---------- TASK DATA

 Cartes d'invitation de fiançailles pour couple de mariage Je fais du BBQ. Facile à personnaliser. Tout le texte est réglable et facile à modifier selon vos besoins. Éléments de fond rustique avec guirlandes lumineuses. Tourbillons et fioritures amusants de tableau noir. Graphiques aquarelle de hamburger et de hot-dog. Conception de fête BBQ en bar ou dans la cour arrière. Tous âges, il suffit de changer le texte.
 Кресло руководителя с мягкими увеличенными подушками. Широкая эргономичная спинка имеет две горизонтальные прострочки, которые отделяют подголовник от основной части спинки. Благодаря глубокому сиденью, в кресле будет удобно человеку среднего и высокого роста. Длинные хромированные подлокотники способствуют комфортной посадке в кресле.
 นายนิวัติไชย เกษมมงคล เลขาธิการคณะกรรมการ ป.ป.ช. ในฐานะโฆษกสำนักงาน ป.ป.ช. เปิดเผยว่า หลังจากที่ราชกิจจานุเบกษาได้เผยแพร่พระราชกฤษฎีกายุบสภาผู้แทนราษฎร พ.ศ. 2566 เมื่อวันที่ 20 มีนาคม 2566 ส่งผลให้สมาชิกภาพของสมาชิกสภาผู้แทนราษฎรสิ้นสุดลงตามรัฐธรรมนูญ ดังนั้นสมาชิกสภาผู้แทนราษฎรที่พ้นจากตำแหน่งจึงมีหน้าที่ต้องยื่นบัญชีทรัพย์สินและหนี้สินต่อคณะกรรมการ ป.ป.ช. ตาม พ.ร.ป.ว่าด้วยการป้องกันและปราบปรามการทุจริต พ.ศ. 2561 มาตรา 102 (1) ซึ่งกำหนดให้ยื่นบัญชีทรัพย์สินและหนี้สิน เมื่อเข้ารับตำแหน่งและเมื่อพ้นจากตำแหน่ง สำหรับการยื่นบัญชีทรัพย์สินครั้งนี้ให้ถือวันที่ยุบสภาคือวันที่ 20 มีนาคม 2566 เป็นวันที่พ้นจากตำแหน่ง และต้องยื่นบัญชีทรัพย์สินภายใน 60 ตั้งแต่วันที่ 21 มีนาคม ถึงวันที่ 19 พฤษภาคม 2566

--------------------
---------- TASK DATA

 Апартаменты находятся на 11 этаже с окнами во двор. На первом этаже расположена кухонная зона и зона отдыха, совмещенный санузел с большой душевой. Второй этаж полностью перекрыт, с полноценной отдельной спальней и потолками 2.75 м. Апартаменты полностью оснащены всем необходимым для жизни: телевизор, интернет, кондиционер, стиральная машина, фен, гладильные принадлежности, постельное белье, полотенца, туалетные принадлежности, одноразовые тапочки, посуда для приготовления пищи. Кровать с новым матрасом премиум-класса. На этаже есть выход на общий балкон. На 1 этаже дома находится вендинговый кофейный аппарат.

--------------------
---------- TASK DATA

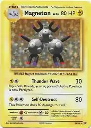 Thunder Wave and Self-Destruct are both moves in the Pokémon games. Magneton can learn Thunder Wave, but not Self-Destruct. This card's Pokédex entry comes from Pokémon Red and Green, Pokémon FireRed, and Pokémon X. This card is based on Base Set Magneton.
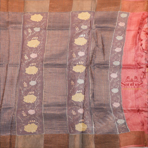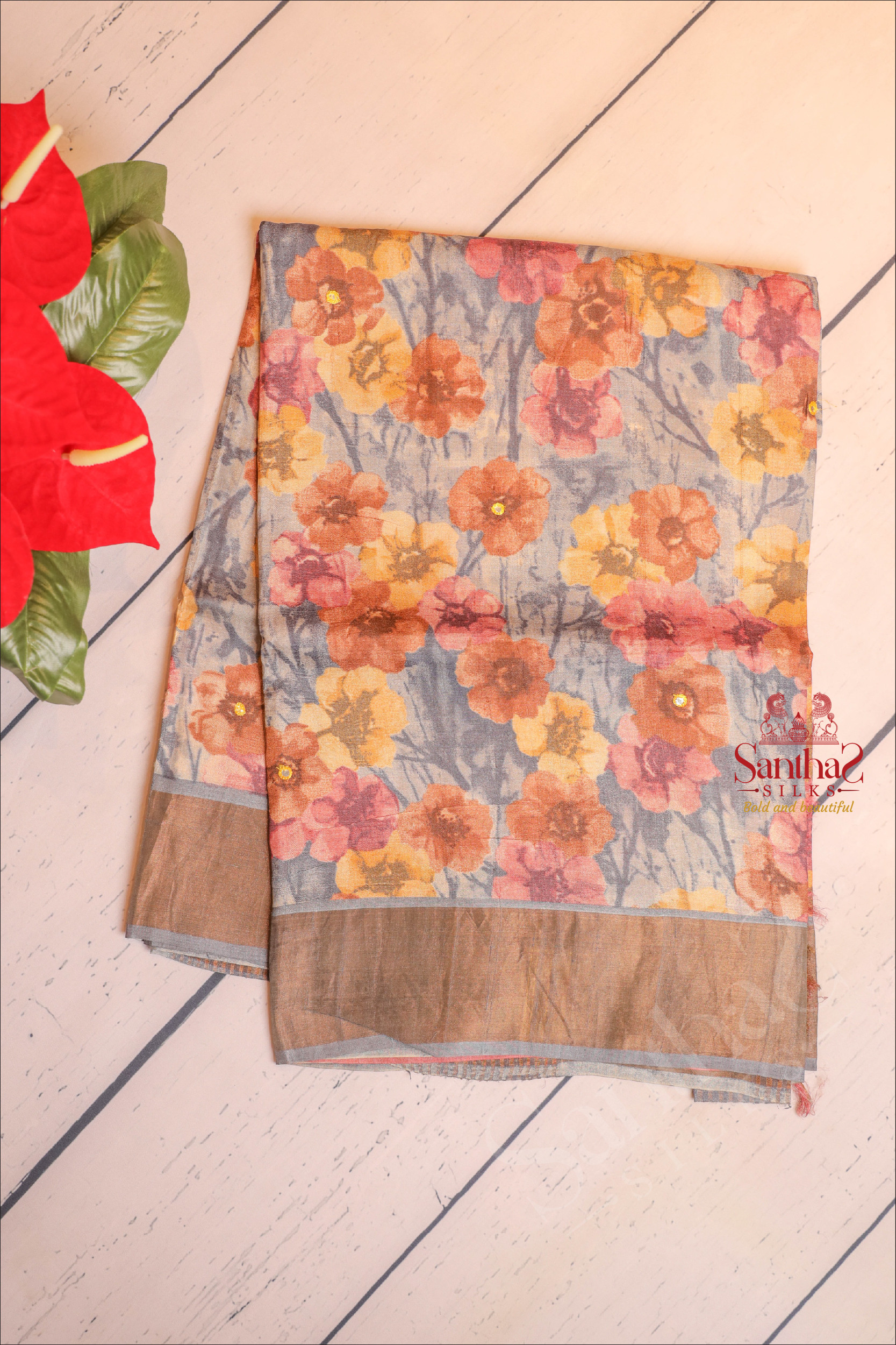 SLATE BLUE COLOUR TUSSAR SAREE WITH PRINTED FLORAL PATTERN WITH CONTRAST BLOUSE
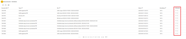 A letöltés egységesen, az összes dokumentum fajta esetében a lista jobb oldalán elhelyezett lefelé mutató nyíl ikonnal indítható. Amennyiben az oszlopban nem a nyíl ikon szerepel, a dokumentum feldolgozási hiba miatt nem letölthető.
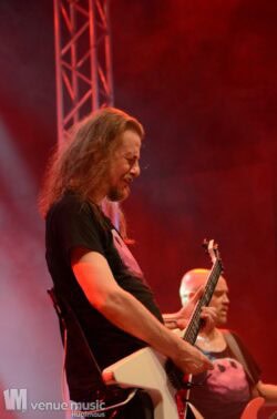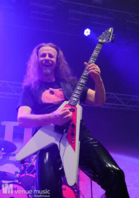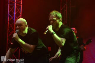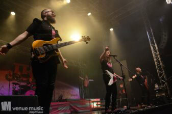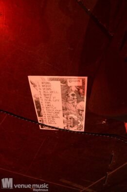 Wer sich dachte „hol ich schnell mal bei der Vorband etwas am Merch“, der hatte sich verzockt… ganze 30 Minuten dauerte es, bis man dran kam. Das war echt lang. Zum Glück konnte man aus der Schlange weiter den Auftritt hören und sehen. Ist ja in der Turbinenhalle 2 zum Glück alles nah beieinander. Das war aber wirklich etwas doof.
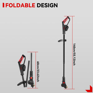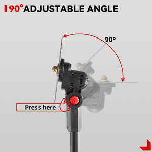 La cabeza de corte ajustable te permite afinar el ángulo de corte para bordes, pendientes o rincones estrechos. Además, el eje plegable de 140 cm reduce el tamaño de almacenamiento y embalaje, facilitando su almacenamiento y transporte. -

--------------------

### WORK TO BE COMPLETED
In the data above, which lines lie between the line with "Cartes d'invitation de" and the line with "นายนิวัติไชย เกษมมงคล เลขาธิการคณะกรรมการ", inclusive? Print those lines exactly and nothing else.

### ANSWER SPACE
 Cartes d'invitation de fiançailles pour couple de mariage Je fais du BBQ. Facile à personnaliser. Tout le texte est réglable et facile à modifier selon vos besoins. Éléments de fond rustique avec guirlandes lumineuses. Tourbillons et fioritures amusants de tableau noir. Graphiques aquarelle de hamburger et de hot-dog. Conception de fête BBQ en bar ou dans la cour arrière. Tous âges, il suffit de changer le texte.
 Кресло руководителя с мягкими увеличенными подушками. Широкая эргономичная спинка имеет две горизонтальные прострочки, которые отделяют подголовник от основной части спинки. Благодаря глубокому сиденью, в кресле будет удобно человеку среднего и высокого роста. Длинные хромированные подлокотники способствуют комфортной посадке в кресле.
 นายนิวัติไชย เกษมมงคล เลขาธิการคณะกรรมการ ป.ป.ช. ในฐานะโฆษกสำนักงาน ป.ป.ช. เปิดเผยว่า หลังจากที่ราชกิจจานุเบกษาได้เผยแพร่พระราชกฤษฎีกายุบสภาผู้แทนราษฎร พ.ศ. 2566 เมื่อวันที่ 20 มีนาคม 2566 ส่งผลให้สมาชิกภาพของสมาชิกสภาผู้แทนราษฎรสิ้นสุดลงตามรัฐธรรมนูญ ดังนั้นสมาชิกสภาผู้แทนราษฎรที่พ้นจากตำแหน่งจึงมีหน้าที่ต้องยื่นบัญชีทรัพย์สินและหนี้สินต่อคณะกรรมการ ป.ป.ช. ตาม พ.ร.ป.ว่าด้วยการป้องกันและปราบปรามการทุจริต พ.ศ. 2561 มาตรา 102 (1) ซึ่งกำหนดให้ยื่นบัญชีทรัพย์สินและหนี้สิน เมื่อเข้ารับตำแหน่งและเมื่อพ้นจากตำแหน่ง สำหรับการยื่นบัญชีทรัพย์สินครั้งนี้ให้ถือวันที่ยุบสภาคือวันที่ 20 มีนาคม 2566 เป็นวันที่พ้นจากตำแหน่ง และต้องยื่นบัญชีทรัพย์สินภายใน 60 ตั้งแต่วันที่ 21 มีนาคม ถึงวันที่ 19 พฤษภาคม 2566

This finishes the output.